Description of the task
Report each line of the entries below that includes "areas".

Exercise material
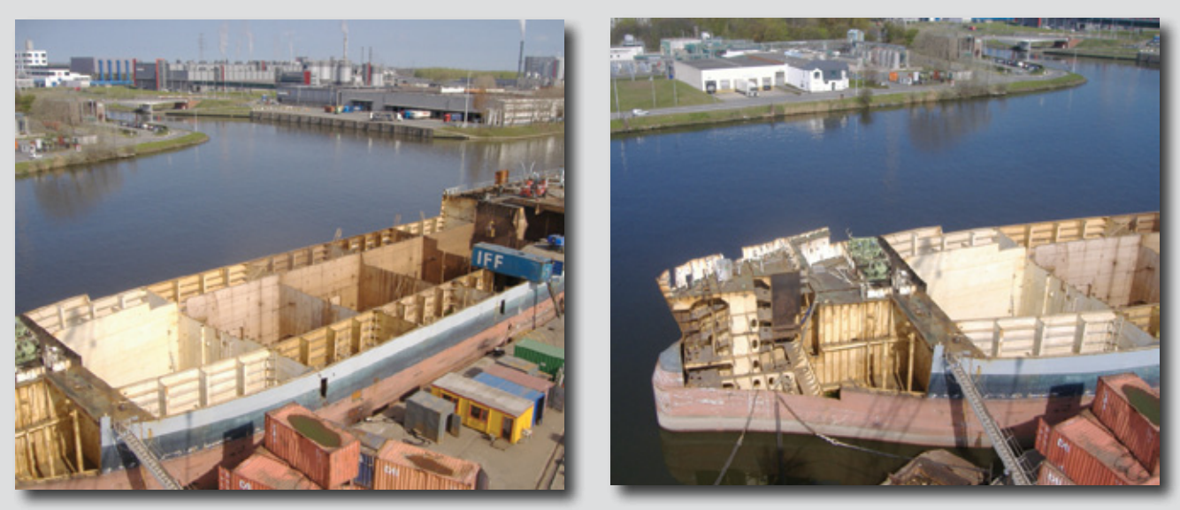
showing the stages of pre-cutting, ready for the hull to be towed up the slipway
...
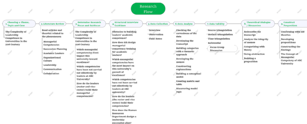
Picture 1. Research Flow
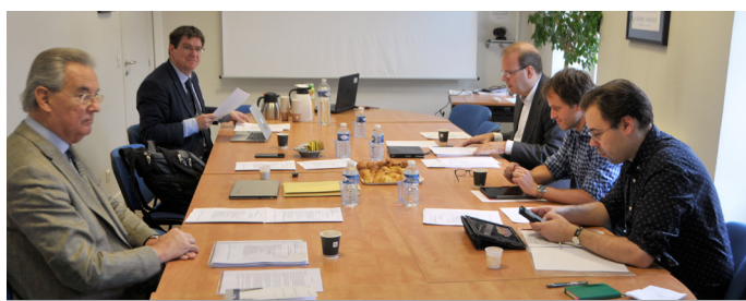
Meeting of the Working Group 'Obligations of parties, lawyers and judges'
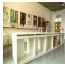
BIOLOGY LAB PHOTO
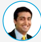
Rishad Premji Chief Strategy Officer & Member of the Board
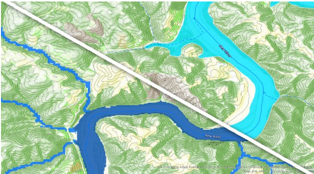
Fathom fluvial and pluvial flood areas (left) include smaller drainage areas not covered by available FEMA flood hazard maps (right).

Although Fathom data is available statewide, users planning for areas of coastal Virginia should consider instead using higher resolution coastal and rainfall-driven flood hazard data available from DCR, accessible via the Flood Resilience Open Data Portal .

Answer box
Fathom fluvial and pluvial flood areas (left) include smaller drainage areas not covered by available FEMA flood hazard maps (right).
Although Fathom data is available statewide, users planning for areas of coastal Virginia should consider instead using higher resolution coastal and rainfall-driven flood hazard data available from DCR, accessible via the Flood Resilience Open Data Portal .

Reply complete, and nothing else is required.